▶ _EXERCISE AIM_
Where a line below holds the string "work", copy that line.

[Stored data entries]
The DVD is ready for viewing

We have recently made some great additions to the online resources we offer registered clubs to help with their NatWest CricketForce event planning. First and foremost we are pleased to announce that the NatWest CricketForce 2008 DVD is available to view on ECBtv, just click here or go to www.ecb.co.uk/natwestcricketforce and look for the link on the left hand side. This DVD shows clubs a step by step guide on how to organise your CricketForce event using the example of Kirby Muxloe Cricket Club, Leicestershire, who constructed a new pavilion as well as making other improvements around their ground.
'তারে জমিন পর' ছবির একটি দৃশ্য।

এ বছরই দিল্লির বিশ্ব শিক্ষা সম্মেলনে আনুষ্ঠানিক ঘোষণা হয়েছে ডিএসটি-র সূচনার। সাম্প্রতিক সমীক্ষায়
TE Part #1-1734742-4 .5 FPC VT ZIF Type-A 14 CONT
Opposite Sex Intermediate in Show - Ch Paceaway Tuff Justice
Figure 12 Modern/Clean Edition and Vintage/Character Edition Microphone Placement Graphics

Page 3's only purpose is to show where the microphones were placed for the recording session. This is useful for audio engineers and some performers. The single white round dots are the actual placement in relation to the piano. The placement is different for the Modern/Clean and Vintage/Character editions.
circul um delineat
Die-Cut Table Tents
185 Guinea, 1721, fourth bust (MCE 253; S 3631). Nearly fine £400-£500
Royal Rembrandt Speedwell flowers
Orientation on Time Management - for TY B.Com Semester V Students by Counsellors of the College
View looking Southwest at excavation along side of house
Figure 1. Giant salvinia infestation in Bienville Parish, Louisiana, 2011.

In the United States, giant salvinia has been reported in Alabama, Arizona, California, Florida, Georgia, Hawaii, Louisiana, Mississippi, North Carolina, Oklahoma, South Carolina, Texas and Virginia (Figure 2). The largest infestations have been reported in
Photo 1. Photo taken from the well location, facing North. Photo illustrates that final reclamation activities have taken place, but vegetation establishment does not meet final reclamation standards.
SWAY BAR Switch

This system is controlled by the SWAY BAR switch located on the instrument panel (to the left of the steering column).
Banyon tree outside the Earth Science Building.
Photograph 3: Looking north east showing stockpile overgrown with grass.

* * *

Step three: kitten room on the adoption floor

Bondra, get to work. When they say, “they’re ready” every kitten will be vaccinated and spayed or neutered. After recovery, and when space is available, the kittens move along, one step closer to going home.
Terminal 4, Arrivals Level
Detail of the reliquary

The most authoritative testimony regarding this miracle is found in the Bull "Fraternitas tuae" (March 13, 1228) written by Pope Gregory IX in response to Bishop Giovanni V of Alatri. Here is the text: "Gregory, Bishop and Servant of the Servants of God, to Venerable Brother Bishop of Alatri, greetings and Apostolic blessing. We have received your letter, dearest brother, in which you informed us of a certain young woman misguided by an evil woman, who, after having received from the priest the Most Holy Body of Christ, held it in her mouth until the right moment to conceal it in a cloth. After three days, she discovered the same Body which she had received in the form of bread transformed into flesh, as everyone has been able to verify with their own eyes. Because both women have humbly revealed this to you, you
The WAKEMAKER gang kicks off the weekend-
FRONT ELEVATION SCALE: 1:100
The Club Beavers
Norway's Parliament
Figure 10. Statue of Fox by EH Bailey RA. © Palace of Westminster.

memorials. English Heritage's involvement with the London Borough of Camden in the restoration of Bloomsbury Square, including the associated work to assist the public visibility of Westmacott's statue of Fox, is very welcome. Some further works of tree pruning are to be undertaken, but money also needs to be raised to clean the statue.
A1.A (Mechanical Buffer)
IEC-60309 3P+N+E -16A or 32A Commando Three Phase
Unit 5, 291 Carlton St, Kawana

▶ _SOLUTION TO THE EXERCISE_
Bondra, get to work. When they say, “they’re ready” every kitten will be vaccinated and spayed or neutered. After recovery, and when space is available, the kittens move along, one step closer to going home.
memorials. English Heritage's involvement with the London Borough of Camden in the restoration of Bloomsbury Square, including the associated work to assist the public visibility of Westmacott's statue of Fox, is very welcome. Some further works of tree pruning are to be undertaken, but money also needs to be raised to clean the statue.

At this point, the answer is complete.